**WHAT THE TASK REQUIRES**: Transcribe everything in the listing below exactly, except the pictures.

**SUPPLIED DATA**:
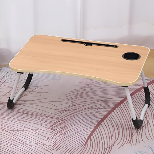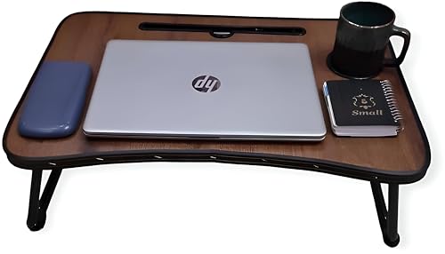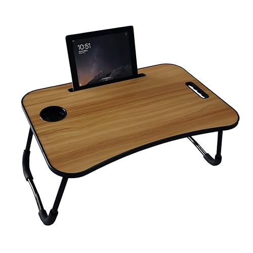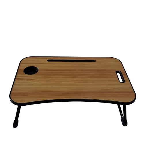 Generic - عربة لاب توب خشبية عملية - محمولة مع ارجل قابلة للطي وفتحات للاجهزة لتوفير مساحة عمل متحركة فعالة
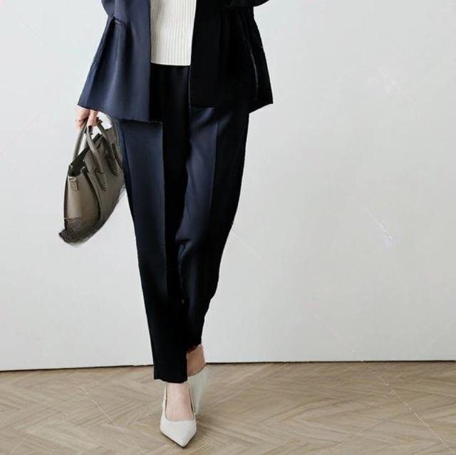 セットアップ 上下セット 長袖 ノーカラー ボタン ペプラム テーパード パンツ セレモニースーツ フォーマルスーツ ビジネス ネイビーM 收藏
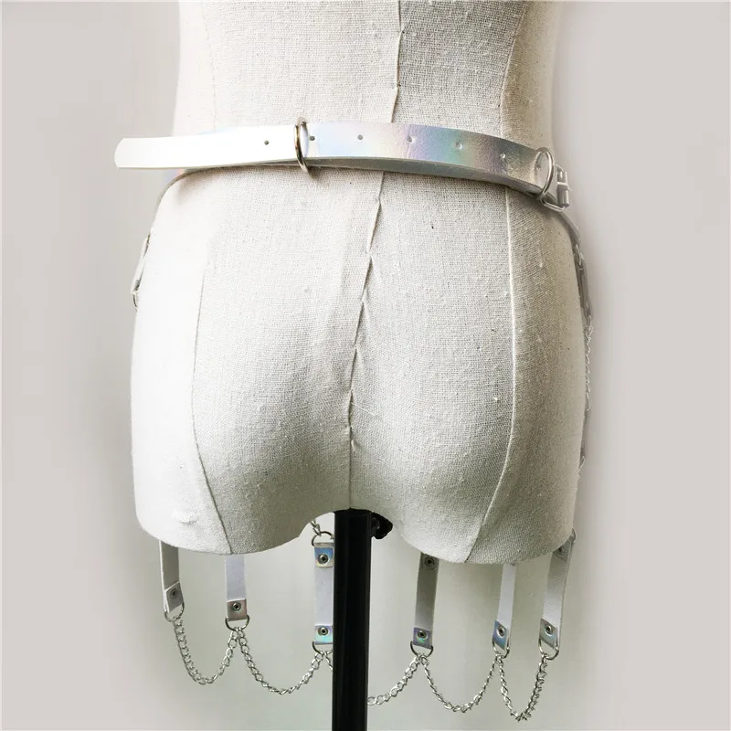 Блестящий ажурные PU мини-юбка; Пикантная обувь с выемкой, круглым носком и металлическими заклепками звено цепи; Юбка для девушек, 2020 панковские ночные вечерние рейв Фестивальная юбка лазерная

**RESPONSE BOX**:
 Generic - عربة لاب توب خشبية عملية - محمولة مع ارجل قابلة للطي وفتحات للاجهزة لتوفير مساحة عمل متحركة فعالة
 セットアップ 上下セット 長袖 ノーカラー ボタン ペプラム テーパード パンツ セレモニースーツ フォーマルスーツ ビジネス ネイビーM 收藏
 Блестящий ажурные PU мини-юбка; Пикантная обувь с выемкой, круглым носком и металлическими заклепками звено цепи; Юбка для девушек, 2020 панковские ночные вечерние рейв Фестивальная юбка лазерная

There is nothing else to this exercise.